Despite Uzbekistan's poor human rights record, the US has already begun to warm up its rhetoric, paving the way for future help against Afghanistan. President Bush explicitly mentioned the IMU when he outlined his war against terrorism to a joint session of Congress. IMU assets were among those frozen on Mr. Bush's terrorism list.
'Of all the Central Asia countries, it is Uzbekistan that will face the most serious problems participating in the antiterrorist war," says Aziz Niyazi, director of the Institute for Central Asia Development at the Russian Academy of Sciences.
"The state already does not control a lot of Uzbek territories. Instead there are illegal radical military groups that keep them under their control. The radicals' positions are reinforced by serious economic and social mistakes, made by Uzbek leaders," he says.
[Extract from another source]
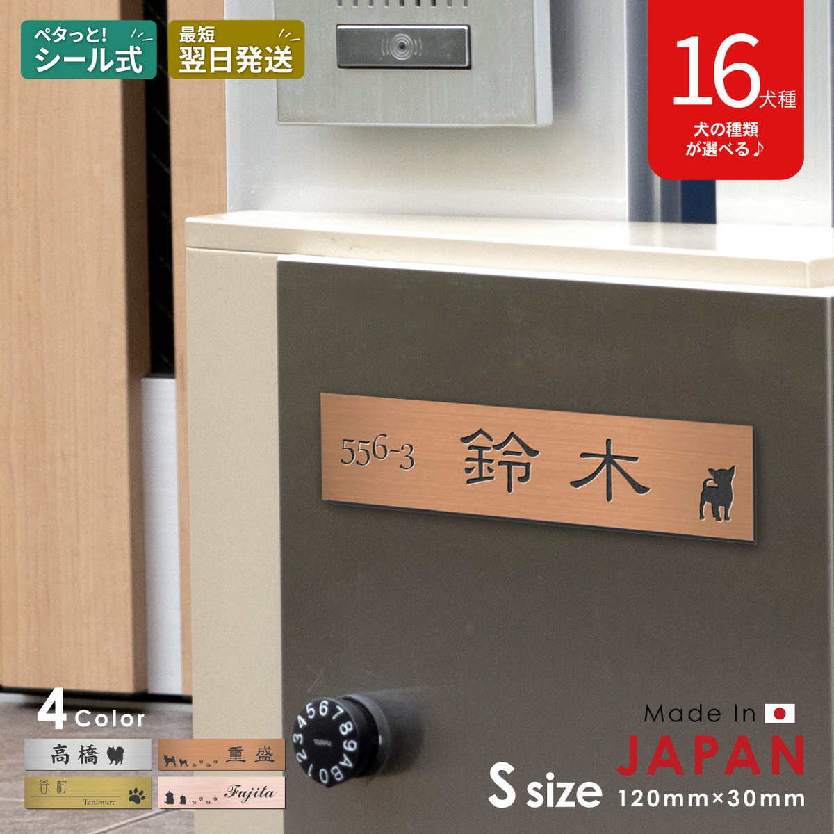 表札 犬 銅板風 ブロンズ 120×30 S トイプードル チワワ ダックス 柴犬 シュナウザー フレンチブルなど いぬの表札 銅 屋外対応 シール式 メール便送料無料

The likely results are also unclear for Tajikistan, torn by a series of brutal civil wars since 1991 independence from the Soviet Union have claimed at least 25,000 lives. A fragile 1997 peace deal brought Islamic rebels into the government, though the regime ever since has been unable to prevent Tajikistan from being the major transit route for heroin from Afghanistan into Europe. This despite the 10,000 to 20,000 Russian troops that patrol the Afghan-Tajik border. Their presence vastly complicates any possible US military deployment.
"The US presence is going to increase substantially," says a Western diplomat in the capital, Dushanbe. "America will bring money, and if it is well-managed, it's a unique chance for Tajikistan.
"The question is: Are the authorities in a position to harness it for the better, or will it aggravate the situation?"
Tajikistan is one of the poorest of the former Soviet Central Asian states, with a per capital income of about $290 - less than $1 a day.
The risk of divisive instability is also real, and depends on American actions. "There will be a certain split in the society of these countries, between the state authorities, supporting the American action, and their peoples, who are not at all so eager to do it," says Mr. Niyazi. "This is a direct way to the instability and mass disorder."
Meanwhile, back in Afghanistan, despite the Sept. 9 assassination of Northern Alliance military chief Ahmad Shah Masood - known as the "Lion of Panjshir" for his exploits fighting Soviet occupation here in the 1980s - there is a rekindled hope among rebel ranks that their sliver of turf, which they say adds up to one quarter of the country, is soon to expand with US help.
"We are the most optimistic we have been in five years," Colonel Registani says. "It's a good opportunity for us."
But while the Northern Alliance groups may be rubbing their hands in glee that the US appears to have taken up their cause against the Taliban, some warn that the result could be unprecendented instability.
"If people see suffering because of this, it will be seen as an action taken on behalf of dubious and often dictatorial leaders, in alliance with the West," says Schoeberlein. "It could create a great impulse to extremism, and create an anti-West, anti-American view that has so far been absent in Central Asia."